● Task instructions
In the material below, find the line with "Download printbar PDF"; set down that line and every line after it to the end, exactly, without pictures.

──────── Data shown ────────

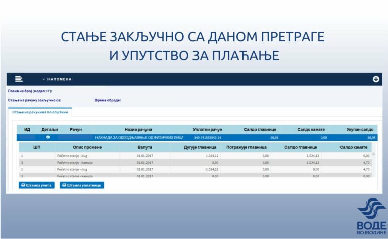 - Електронски увид у стање на рачуну накнаде за одводњавање
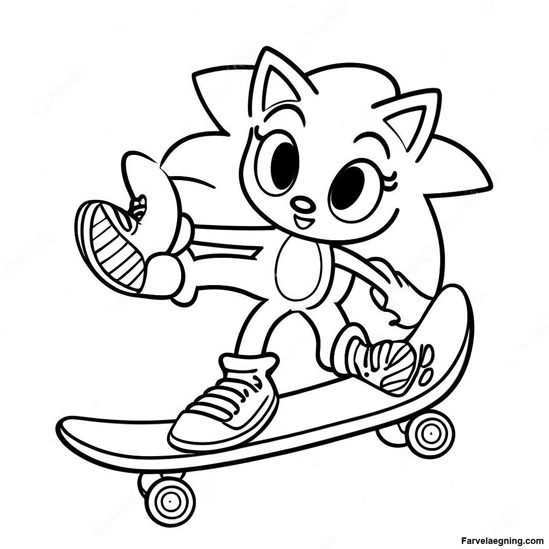 Download printbar PDF af Legesyg Creme Sonic På Skateboard Farvelægningsside
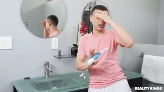 Description: Mini Stallion relaxes in the tub reading a magazine until she s rudely interrupted by her roommate Johnny The Kid brushing his teeth. Johnny apologizes profusely for walking in on her but Mini doesn t mind as long as he s willing to make up for it!

────────

● Response to the task
 Download printbar PDF af Legesyg Creme Sonic På Skateboard Farvelægningsside
 Description: Mini Stallion relaxes in the tub reading a magazine until she s rudely interrupted by her roommate Johnny The Kid brushing his teeth. Johnny apologizes profusely for walking in on her but Mini doesn t mind as long as he s willing to make up for it!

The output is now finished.